»»

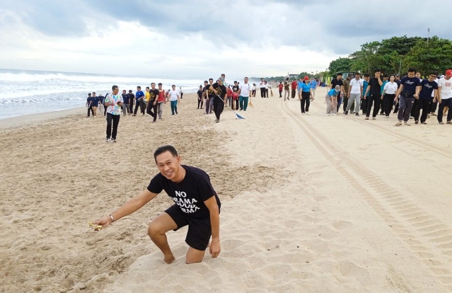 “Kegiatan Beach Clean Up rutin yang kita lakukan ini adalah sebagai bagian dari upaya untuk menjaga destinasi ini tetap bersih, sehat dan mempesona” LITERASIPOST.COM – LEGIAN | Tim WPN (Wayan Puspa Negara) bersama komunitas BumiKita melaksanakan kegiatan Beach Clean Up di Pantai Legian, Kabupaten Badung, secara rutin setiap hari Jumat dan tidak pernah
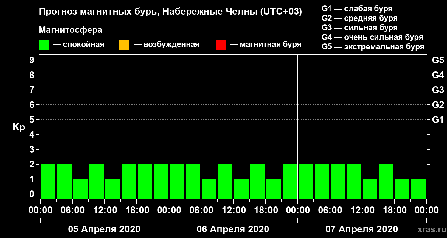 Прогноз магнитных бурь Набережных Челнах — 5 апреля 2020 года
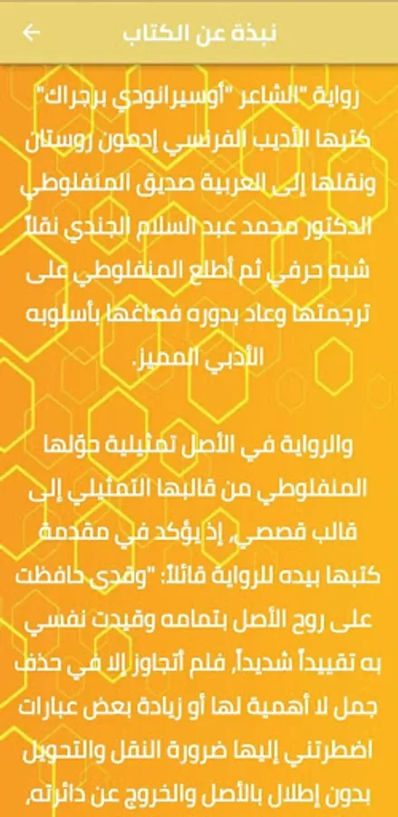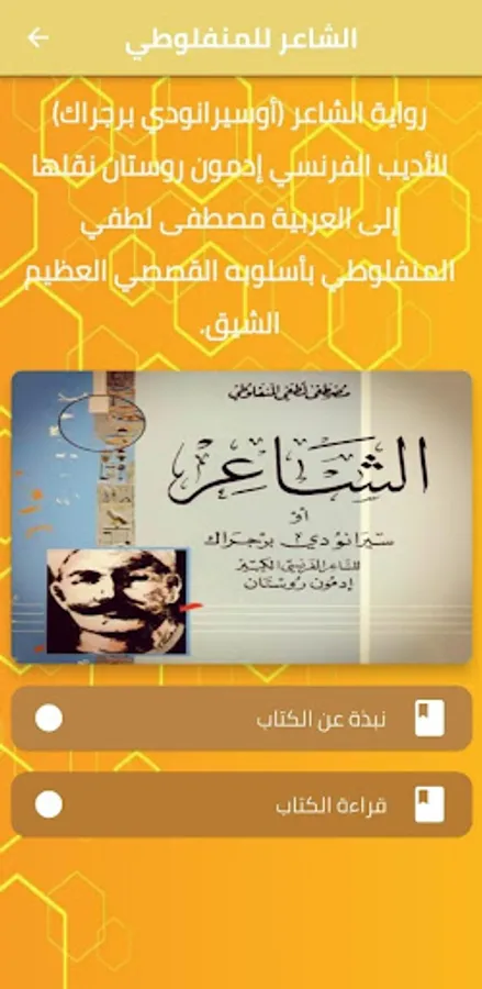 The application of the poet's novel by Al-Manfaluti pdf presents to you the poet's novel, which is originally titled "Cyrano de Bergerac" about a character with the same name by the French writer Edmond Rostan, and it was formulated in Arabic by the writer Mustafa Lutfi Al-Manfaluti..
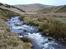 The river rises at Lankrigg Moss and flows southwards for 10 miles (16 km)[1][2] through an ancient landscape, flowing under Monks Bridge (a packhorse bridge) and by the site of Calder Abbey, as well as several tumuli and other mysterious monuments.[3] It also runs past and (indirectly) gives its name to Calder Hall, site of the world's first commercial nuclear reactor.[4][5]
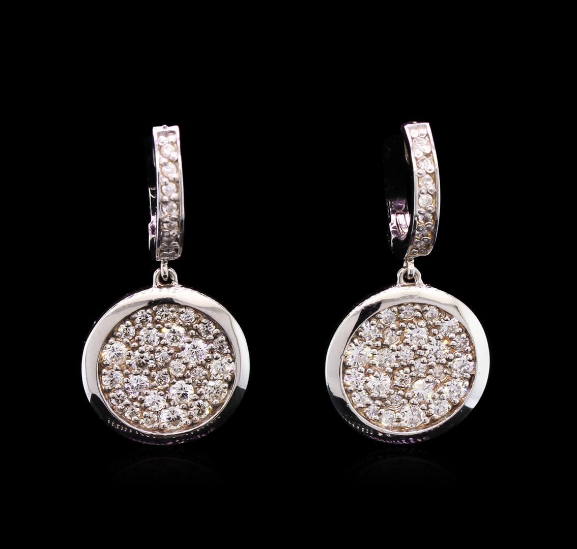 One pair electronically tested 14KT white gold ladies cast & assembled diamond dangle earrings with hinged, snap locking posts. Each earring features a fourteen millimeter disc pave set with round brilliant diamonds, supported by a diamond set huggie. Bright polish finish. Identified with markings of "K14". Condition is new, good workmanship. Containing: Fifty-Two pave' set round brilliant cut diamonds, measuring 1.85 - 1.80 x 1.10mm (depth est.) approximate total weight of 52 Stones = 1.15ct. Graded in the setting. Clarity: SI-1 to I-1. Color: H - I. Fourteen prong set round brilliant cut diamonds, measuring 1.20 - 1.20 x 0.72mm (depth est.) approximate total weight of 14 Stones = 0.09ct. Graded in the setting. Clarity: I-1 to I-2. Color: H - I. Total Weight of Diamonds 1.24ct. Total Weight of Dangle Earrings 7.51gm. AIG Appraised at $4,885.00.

««
»»

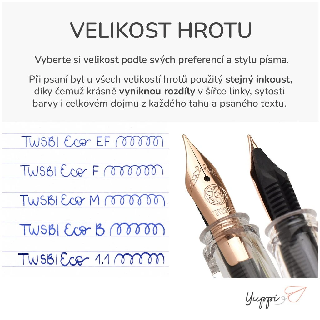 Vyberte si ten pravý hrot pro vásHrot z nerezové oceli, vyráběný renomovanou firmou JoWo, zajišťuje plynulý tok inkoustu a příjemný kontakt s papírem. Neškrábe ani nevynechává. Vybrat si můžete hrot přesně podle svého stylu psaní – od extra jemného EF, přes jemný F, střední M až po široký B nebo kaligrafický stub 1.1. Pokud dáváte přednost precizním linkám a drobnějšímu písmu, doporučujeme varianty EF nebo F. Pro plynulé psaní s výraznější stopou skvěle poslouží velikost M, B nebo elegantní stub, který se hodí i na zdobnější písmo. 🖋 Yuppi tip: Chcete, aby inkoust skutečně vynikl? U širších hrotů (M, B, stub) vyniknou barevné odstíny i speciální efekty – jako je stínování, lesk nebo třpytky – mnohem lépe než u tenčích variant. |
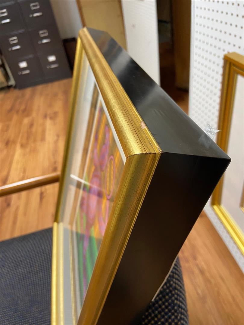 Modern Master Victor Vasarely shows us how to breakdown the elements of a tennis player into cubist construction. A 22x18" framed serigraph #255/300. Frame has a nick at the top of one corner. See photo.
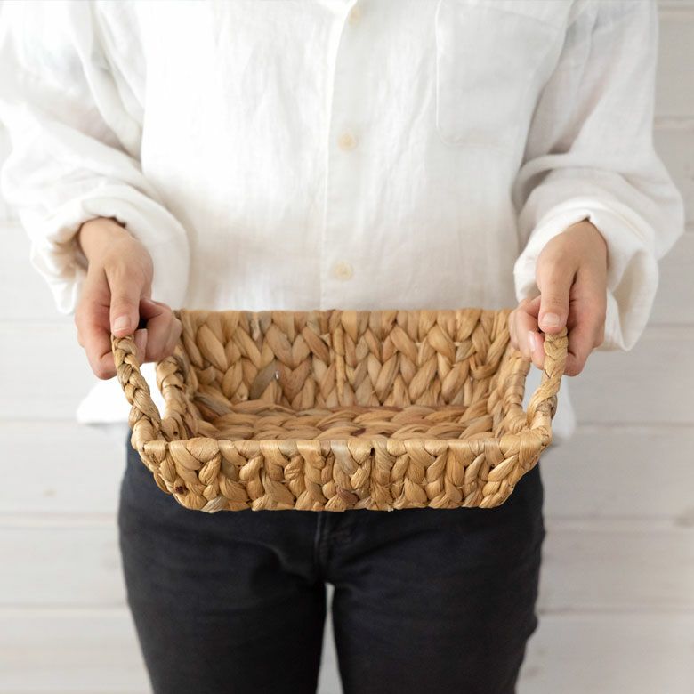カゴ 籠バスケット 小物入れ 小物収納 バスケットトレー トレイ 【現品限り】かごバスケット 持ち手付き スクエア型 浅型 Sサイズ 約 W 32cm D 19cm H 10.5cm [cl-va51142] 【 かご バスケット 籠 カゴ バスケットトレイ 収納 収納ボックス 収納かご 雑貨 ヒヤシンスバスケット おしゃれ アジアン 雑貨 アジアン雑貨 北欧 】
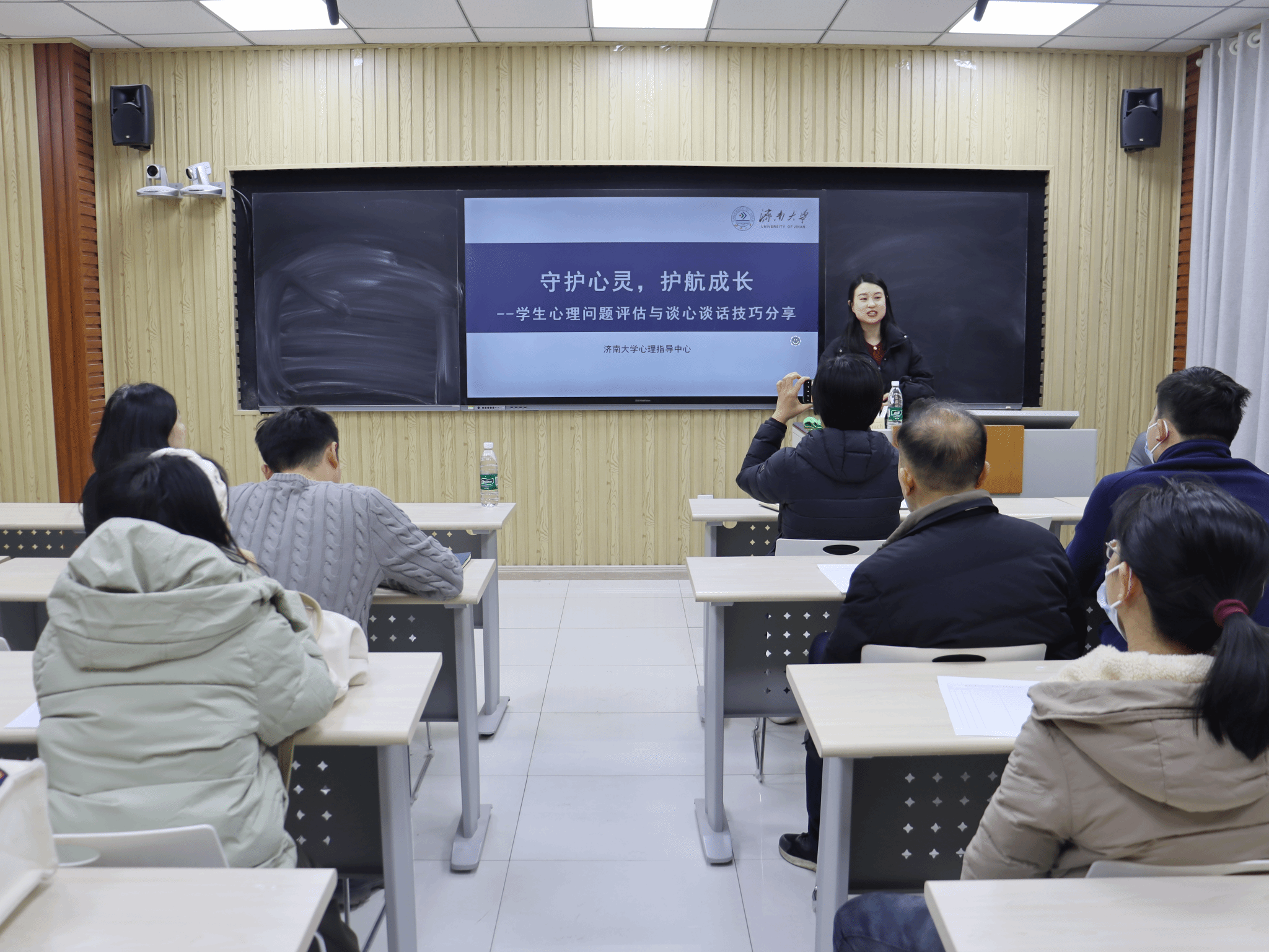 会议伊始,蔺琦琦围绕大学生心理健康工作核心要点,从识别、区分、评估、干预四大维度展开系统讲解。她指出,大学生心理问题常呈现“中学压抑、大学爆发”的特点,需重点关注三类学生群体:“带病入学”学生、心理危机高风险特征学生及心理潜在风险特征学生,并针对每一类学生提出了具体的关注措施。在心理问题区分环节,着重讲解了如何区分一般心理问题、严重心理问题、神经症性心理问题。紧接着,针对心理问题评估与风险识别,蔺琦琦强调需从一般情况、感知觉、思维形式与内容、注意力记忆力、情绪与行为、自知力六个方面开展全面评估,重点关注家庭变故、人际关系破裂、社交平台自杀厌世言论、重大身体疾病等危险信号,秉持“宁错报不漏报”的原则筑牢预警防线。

««

▶ **EXERCISE REQUIREMENTS**:
Copy exactly the part of the material above that opens with the line containing "dan tidak pernah" and closes with the line containing "Прогноз магнитных бурь", ends included. Drop the images.

▶ **RESULT OF THE TASK**:
 “Kegiatan Beach Clean Up rutin yang kita lakukan ini adalah sebagai bagian dari upaya untuk menjaga destinasi ini tetap bersih, sehat dan mempesona” LITERASIPOST.COM – LEGIAN | Tim WPN (Wayan Puspa Negara) bersama komunitas BumiKita melaksanakan kegiatan Beach Clean Up di Pantai Legian, Kabupaten Badung, secara rutin setiap hari Jumat dan tidak pernah
 Прогноз магнитных бурь Набережных Челнах — 5 апреля 2020 года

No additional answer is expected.